Éclair made several Balzac adaptations under the umbrella of their Association Cinématographique des Auteurs Dramatiques (A.C.A.D.) division, of which the earliest is Eugénie Grandet. Its direction is usually attributed to Émile Chautard, but an article in Ciné-Journal, 19 November 1910, credits Armand Numès, an actor/director formerly with the Théâtre des Variétés who also worked for Pathé. Given that Chautard was the supervisor for the early A.C.A.D. films (and went on to direct Balzac’s César Birotteau, 1911, not to mention his role as Papa Goriot in Paris at Midnight), it’s likely that he had some hand in the production.
Naturally the novel’s plot has been telescoped considerably, jettisoning a number of characters who give the story the breadth of an entire society. It also significantly changes the latter half, although something of the essence remains: kind-hearted Eugénie Grandet (Germaine Dermoz) lives with her avaricious father (Karlmos) in a state of eternal penny-pinching. When his spendthrift nephew Charles (Jacques Guilhène) arrives hoping his uncle will save his father from financial ruin, his supplications are rejected, but Eugénie secretly gains access to her dowry and gives it to her cousin. In the novel, Charles’s father commits suicide, whereas the film shows the event as merely a dream: part of the wall dissolves to reveal the son’s vision of his father shooting himself. Balzac purists will understandably object to the finale, in which Charles and Eugénie live on in wedded bliss, when in the novel his callowness destroys any hope of a union.
The most famous silent cinema adaptation of Eugénie Grandet is Rex Ingram’s The Conquering Power (1921), which inspired Howard T. Dick, in his 1922 book Modern Photoplay Writing – Its Craftsmanship, to use the novel’s plot as an exercise for budding scenarists: “Take the plot of ‘Eugenie Grandet’ and explain the creative process of thought which led to the choice of characters and events.” Later in the 1920s, Alice Guy Blaché worked on an adaptation that was never realized. An Italian version directed by Roberto Roberti and starring Francesca Bertini, La figlia dell’avaro (1913), appears to be lost.

Jay Weissberg

regia/dir: Armand Numès (Émile Chautard?).

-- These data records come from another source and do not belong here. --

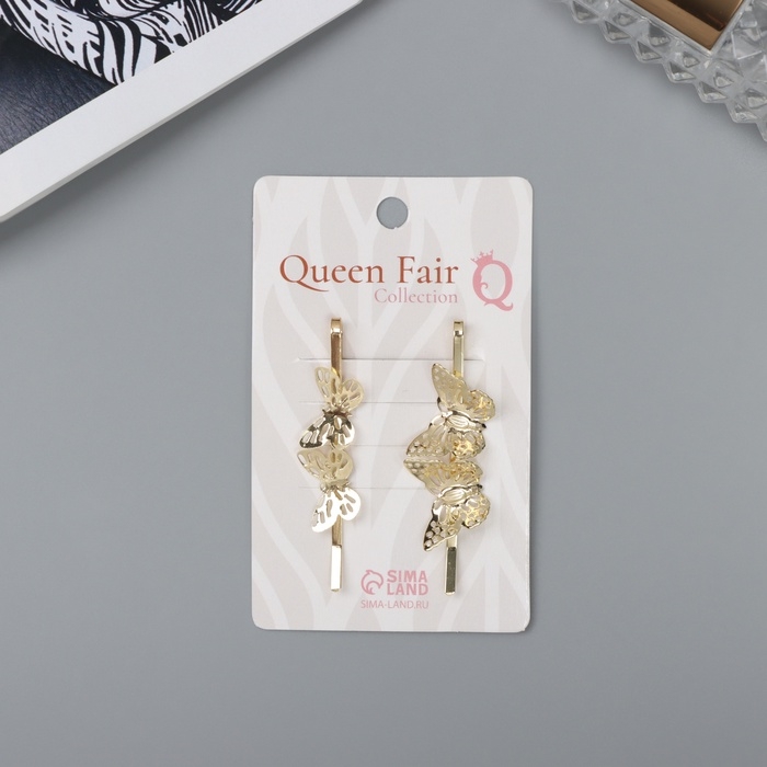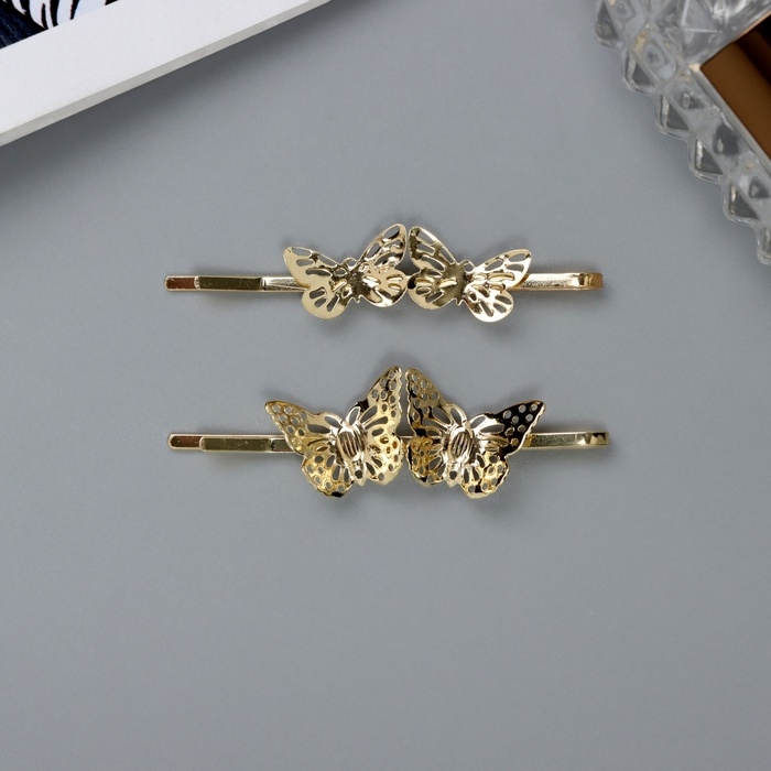 Невидимка для волос "Одри" (набор 2 шт) бабочка резная, 5,5 см, золото
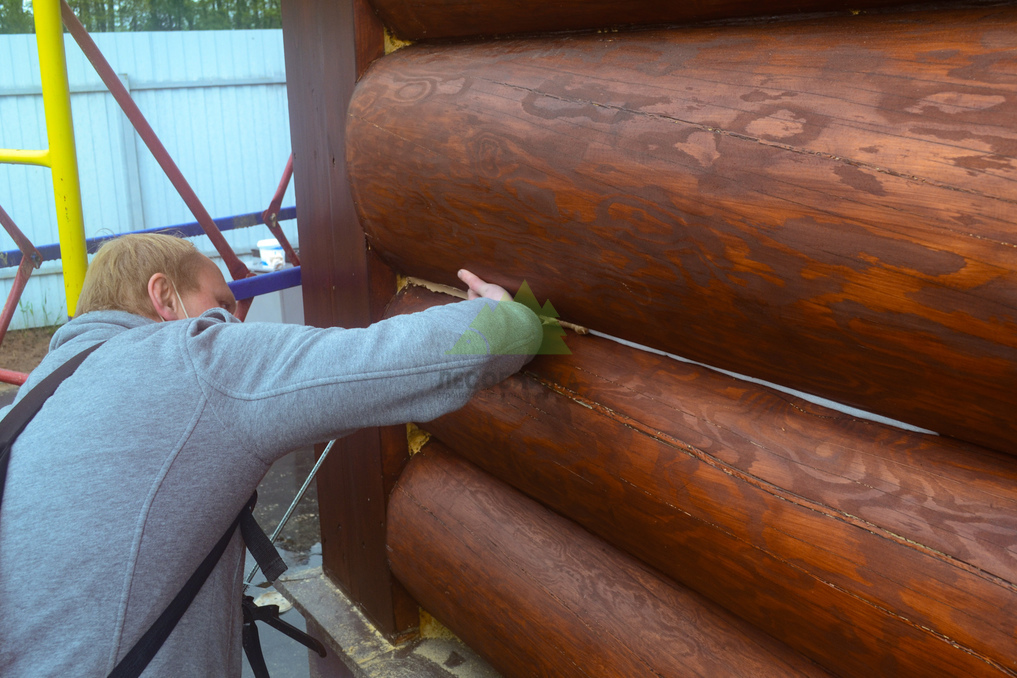 1. Подготовка швов. Все межвенцовые пространства и трещины были тщательно очищены от пыли, грязи и мелкого сора, что обеспечило идеальную адгезию герметика.
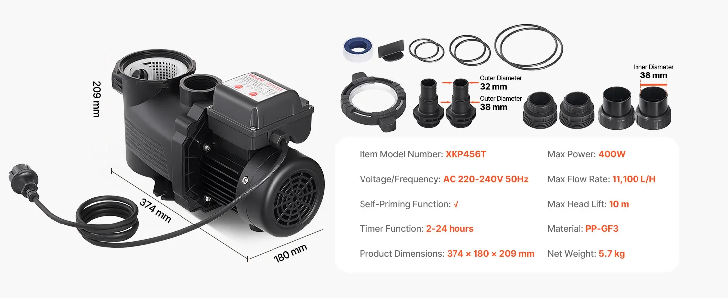 24-Stunden-Timer-Funktion: Die Schwimmbadpumpe unterstützt die automatische Ein-/Ausschaltzeitsteuerung und ermöglicht so den täglichen Betrieb zu voreingestellten Zeiten. Dadurch wird das Wasser mit weniger Aufwand klar gehalten. Unnötig lange Laufzeiten werden vermieden und die Stromkosten gesenkt
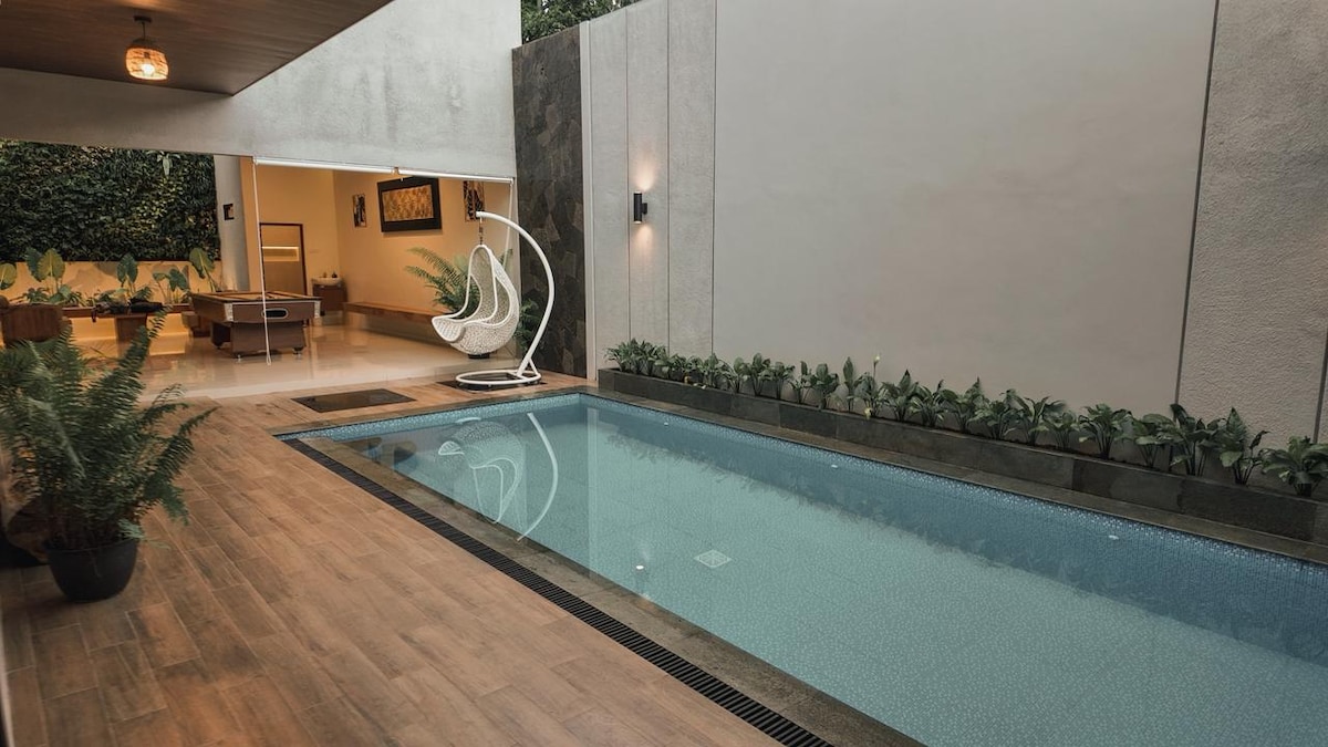 Bright, modern 2-bedroom villa in a peaceful rural setting near farms, with daytime temperatures between 17 °C and 26 °C, ideal for outdoors. Just 7 min from Park & Zoo Lembang and 15 km from Whoosh Padalarang station. Cosy stay with garden, patio, BBQ, free Wi-Fi, private parking, movie nights, and daily Asian breakfast. Smoke-free, newly renovated, perfect for unwinding or exploring attractions, your quiet home away from the hustle and bustle.

scen: ?, dal romanzo di/based on the novel by Honoré de Balzac (1833).
photog: [Auguste?] Agnel.
scg/des: G. Personne.
cast: Germaine Dermoz (Eugénie Grandet), Jacques Guilhène (Charles Grandet, suo cugino/her cousin), Karlmos (suo padre/her father), Suzanne Révonne, Charles Krauss.
prod: Éclair (série A.C.A.D.).
uscita/rel: 26.05.1910.
copia/copy: 35mm, 240 m. (orig. 295 m.), 10’ (20 fps); did./titles: FRA.
fonte/source: CNC – Centre national du cinéma et de l’image animée, Bois d’Arcy (Collections Conseil Départemental de la Charente).